Анна величаво и гневно поднялась, словно под действием стальной пружины, и, глядя на кардинала с гордым достоинством, делавшим ее такой могущественной в дни молодости, сказала:
— Вы меня оскорбляете!
— Я хочу, — продолжал Мазарини, доканчивая свою мысль, прерванную движением королевы, — чтобы вы сейчас сделали для вашего мужа то, что вы сделали когда-то для вашего любовника.
— Опять эта клевета! — воскликнула королева. — Я думала, что она умерла или заглохла, так как вы до сих пор избавляли меня от нее. Но вот вы тоже ее повторяете. Тем лучше. Объяснимся сегодня и кончим раз навсегда, слышите?
Но, ваше величество, — произнес Мазарини, удивленный этим неожиданным проблеском силы, — я вовсе не требую, чтобы вы мне рассказали все.
— А я хочу вам все рассказать, — ответила Анна Австрийская. — Слушайте же. Были в то время действительно четыре преданных сердца, четыре благородные души, четыре верные шпаги, которые спасли мне больше чем жизнь: они спасли мою честь.
— А! Вы сознаетесь в этом? — сказал Мазарини.
— Неужели, по-вашему, только виновный может трепетать за свою честь?
Разве нельзя обесчестить кого-нибудь, особенно женщину, на основании одной лишь видимости? Да, все было против меня, и я неизбежно должна была лишиться чести, а между тем, клянусь вам, я не была виновна.

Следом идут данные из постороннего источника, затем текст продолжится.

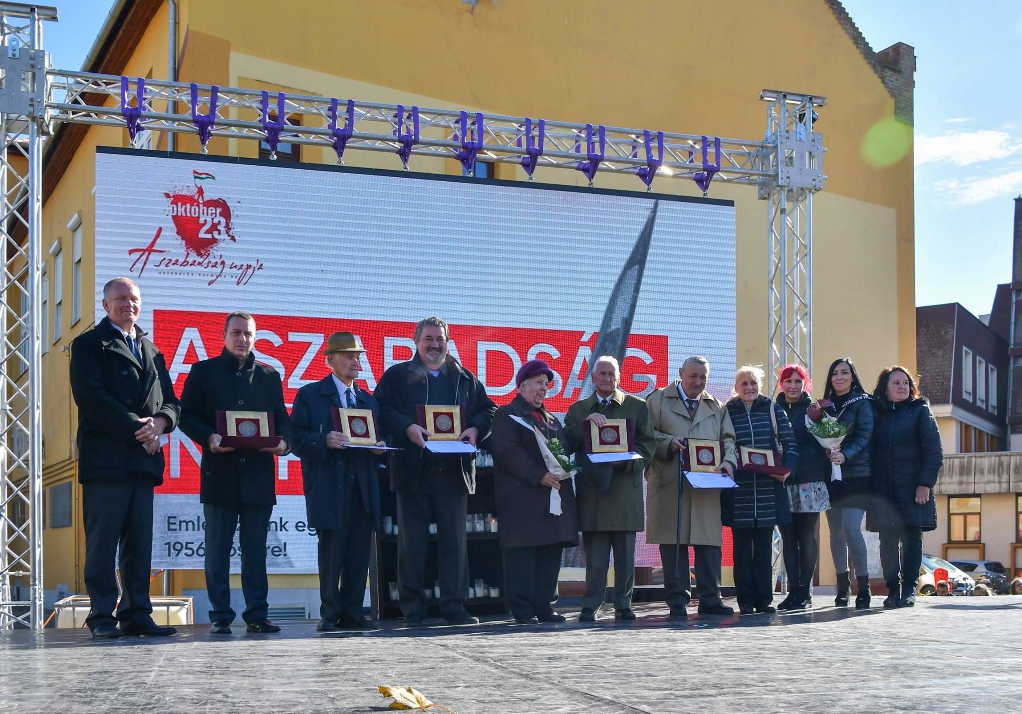 Az 1956-os forradalom és szabadságharc 65 esztendővel ezelőtti eseményeire emlékezett a város október 23-án, a Rózsa Gábor téren. Ünnepi beszédet mondott Szabó Zoltán Ferenc polgármester és Farkas Sándor miniszterhelyettes, országgyűlési képviselő. A csongrádi Alföld Néptáncegyüttes különleges és megható műsort adott, melyet az 1956, aki magyar velünk tart című rockopera dalaiból állítottak össze. Átadták a Szentes Városért Emlékérmeket, majd a résztvevők megkoszorúzták a Büszkeségpontot. Tudósításunkat a Szentesi Élet 3. oldalán olvashatják.

Клянусь…
Королева стала искать вокруг себя какой-нибудь священный предмет, на котором она могла бы поклясться; она вынула из потайного стенного шкафа ларчик розового дерева с серебряными инкрустациями и, поставив его на алтарь, сказала:
— Клянусь священными реликвиями, хранящимися здесь, — я любила Бекингэма, по Бекингэм не был моим любовником.
— А что это за священные предметы, на которых вы приносите клятву, ваше величество? — спросил, улыбаясь, Мазарини. — Как вам известно, я римлянин, а потому не легковерен. Бывают всякого рода реликвии.

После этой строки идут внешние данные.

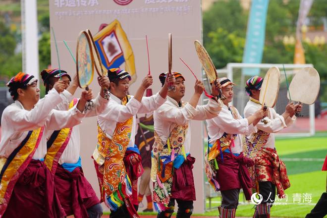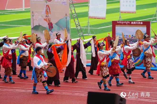 人民网同仁8月9日电 (记者杨启红)鼓点铿锵、舞姿豪迈,热闹非凡……8月8日,“非遗传承·赓续文脉”同仁市2025年国家级非物质文化遗产热贡六月会首届展演活动举办,来自青海省黄南藏族自治州同仁市各乡镇的22支表演队伍,1900余名群众参与盛会。

Королева сняла с шеи маленький золотой ключик и подала его кардиналу.
— Откройте и посмотрите.
Удивленный Мазарини взял ключ, открыл ларчик и нашел в нем заржавленный нож и два письма, из которых одно было запятнано кровью.
— Что это? — спросил Мазарини.
— Что это? — повторила Анна Австрийская, царственным жестом простирая над раскрытым ларчиком руку, которую годы не лишили чудесной красоты. — Я вам сейчас скажу. Эти два письма — единственные, которые я писала ему.

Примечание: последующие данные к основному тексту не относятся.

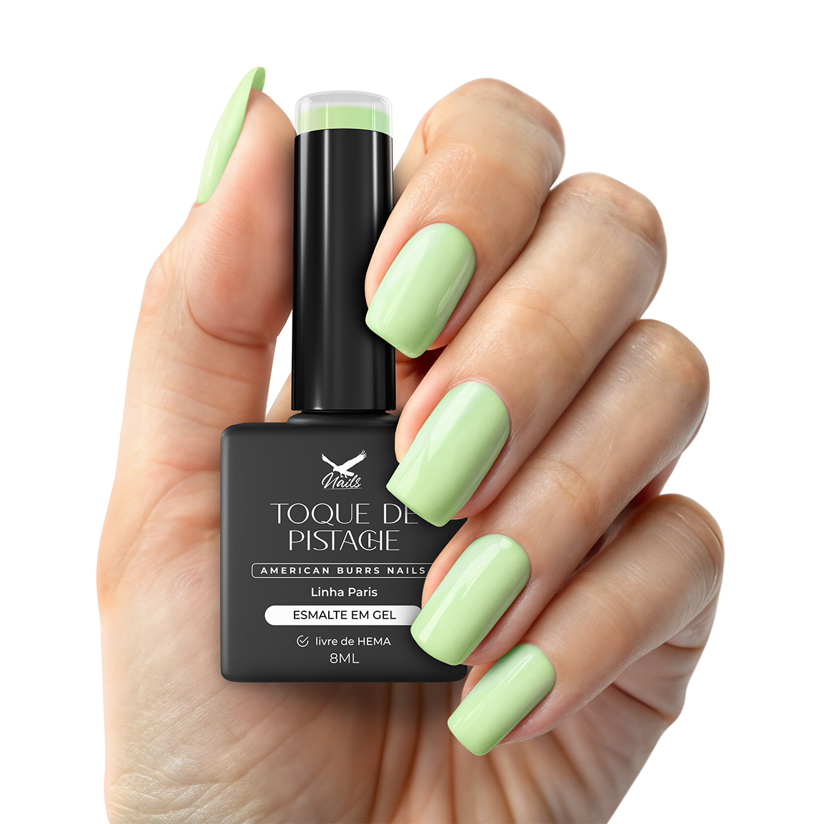 Verde pistache pastel com fundo levemente frio e acabamento cremoso. Esmalte em gel de alta performance, livre de HEMA, TPO e TMTPA, com aplicação autonivelante, segurança máxima e cor vibrante desde a primeira camada.

А это нож, которым Фельтон убил его. Прочтите письма, и вы увидите, лгу ли я.
Несмотря на полученное разрешение, Мазарини, безотчетно повинуясь чувству, вместо того чтобы прочесть письма, взял нож: его умирающий Бекингэм вынул из своей раны и через Ла Порта переслал королеве; лезвие было все источено ржавчиной, в которую обратилась кровь. Кардинал смотрел на него с минуту, и за это время королева стала бледней полотна, покрывающего алтарь, на который она опиралась. Наконец кардинал с невольной дрожью положил нож обратно в ларчик.
— Хорошо, ваше величество, я верю вашей клятве.
— Нет, нет, прочтите, — сказала королева, нахмурив брови, — прочтите.
Я хочу, я требую; я решила покончить с этим сейчас же и уже никогда больше к этому не возвращаться. Или вы думаете, — прибавила она с ужасной улыбкой, — что я стану открывать этот ларчик всякий раз, когда вы возобновите ваши обвинения?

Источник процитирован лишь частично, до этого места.